Keywords: Vitamin D, Age-related macular degeneration, 25-hydroxy vitamin D, Vitamin D deficiency, 25(OH)D
Background
Age-related macular degeneration (AMD) is a complex disease associated with a high risk of complications that affect vision. It develops mainly in people over 50 years of age and a key characteristic is the accumulation of a series of extracellular deposits in the macula, mainly drusen [1]. It is the main cause of irreversible blindness in subjects over 55 years of age in developed countries with millions of affected patients and, in addition, with high potential to rise due to the increase in the life expectancy of the population [2, 3].
AMD has historically been classified into 2 types: dry or non-exudative AMD (dAMD) and wet, exudative, or neovascular AMD (nAMD), dAMD forms the majority of diagnosed cases and nAMD is responsible for the majority of severe vision loss. Although AMD is the major cause of severe vision loss, the geographic atrophy produced by dAMD can also cause significant vision loss [4]. More recently, AMD has been classified according to 3 clinical stages: early AMD, intermediate AMD and advanced AMD divided into atrophic or neovascular AMD [5].

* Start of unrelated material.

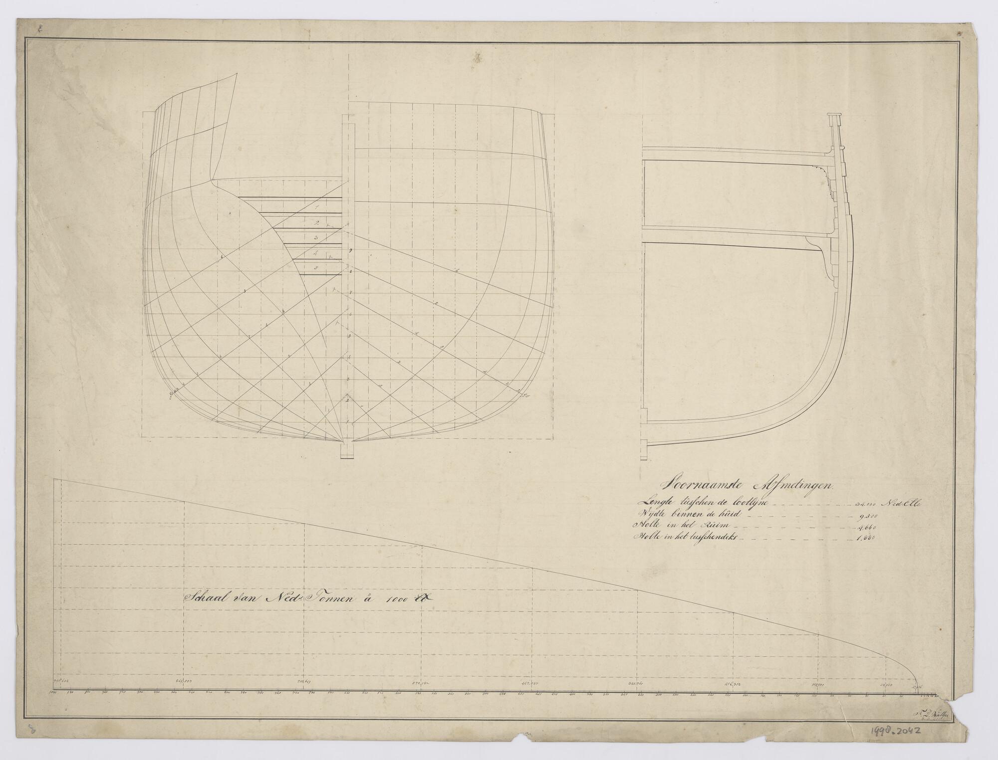 Voor- en achteraanzicht en grootspant van een zeilschip van 34 Nederlandse [...]
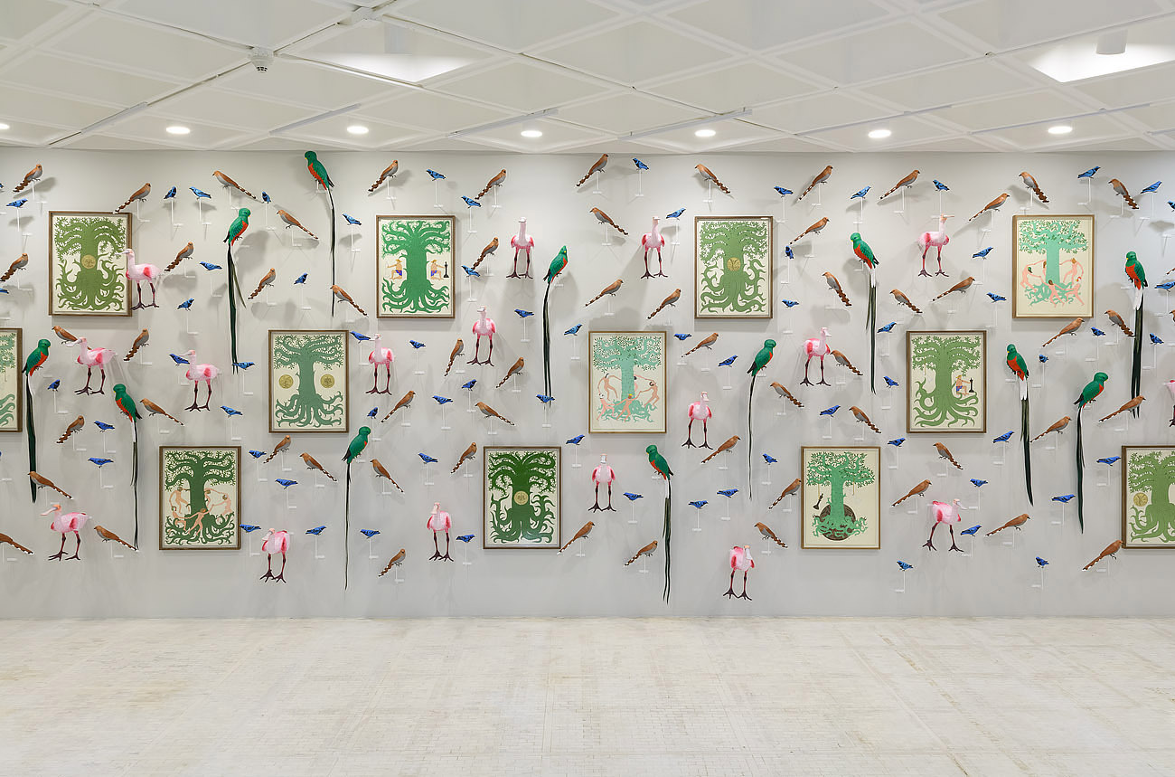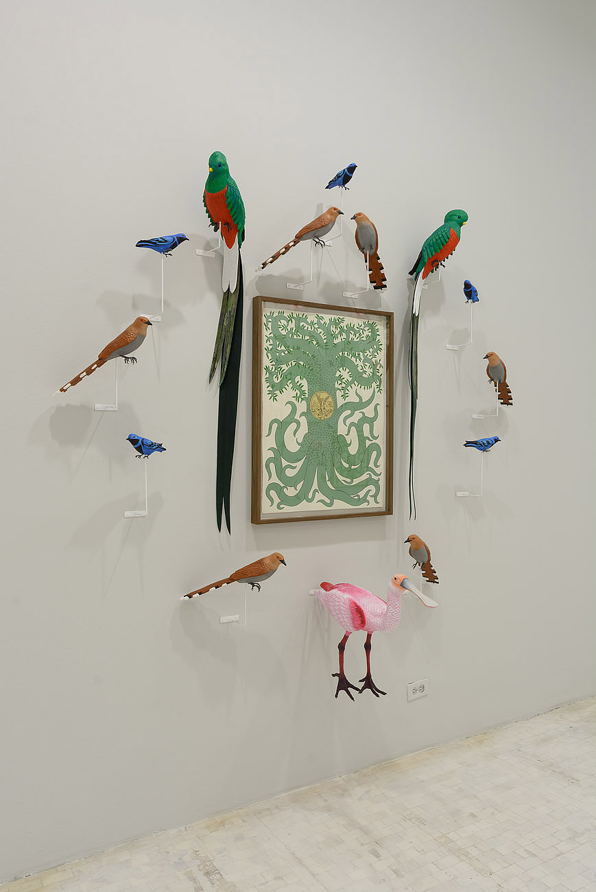 Serpiente emplumada y otros festejos es la instalación más reciente concebida por el artista a partir de una fascinación personal por el quetzal –sus mitos y su realidad actual. En ella se extiende un montaje de esculturas y dibujos que sugieren posibles caminos hacia terrenos fronterizos. Serpiente emplumada y otros festejos es una acumulación alegórica de relatos ancestrales, referentes del contexto político, nuevas mitologías y una colección de taxidermia que reúne cerca de 300 aves, entre las que se encuentran el quetzal, la cotinga azul, el cuco ardilla y la espátula rosada.

Vitamin D could play a role in the pathophysiology of AMD. Vitamin D is known to be implicated as being a protective factor in certain diseases such as cancer, cardiovascular diseases, bone diseases, kidney disease, and other diseases [6]. Most vitamin D is produced by the skin in the form of vitamin D3 due to the ultraviolet rays from sun exposure, and as such, due to confinement, these levels may have been affected [7]. The main function of vitamin D is the absorption of calcium and phosphorus from the diet, thereby contributing to the mineralization of bone. Osteoporosis, a disease with a deficit in bone mass density, would be a clear example of its association with vitamin D deficiency [8].
Oxidative stress and inflammation lead to photoreceptor degeneration and appear to be involved in the pathophysiology of AMD [9]. Vitamin D appears to increase the expression of antioxidant genes and therefore has the ability to reduce oxidative damage that leads to photoreceptors degeneration [10]. In fact, the vitamin D receptor (VDR) is detected in retinal pigment epithelium and retinal photoreceptor cells [11, 12]. Vitamin D could play a role in reducing chronic oxidative stress, inhibiting amyloid protein deposits, inhibiting chronic inflammation and therefore also reducing angiogenesis [13].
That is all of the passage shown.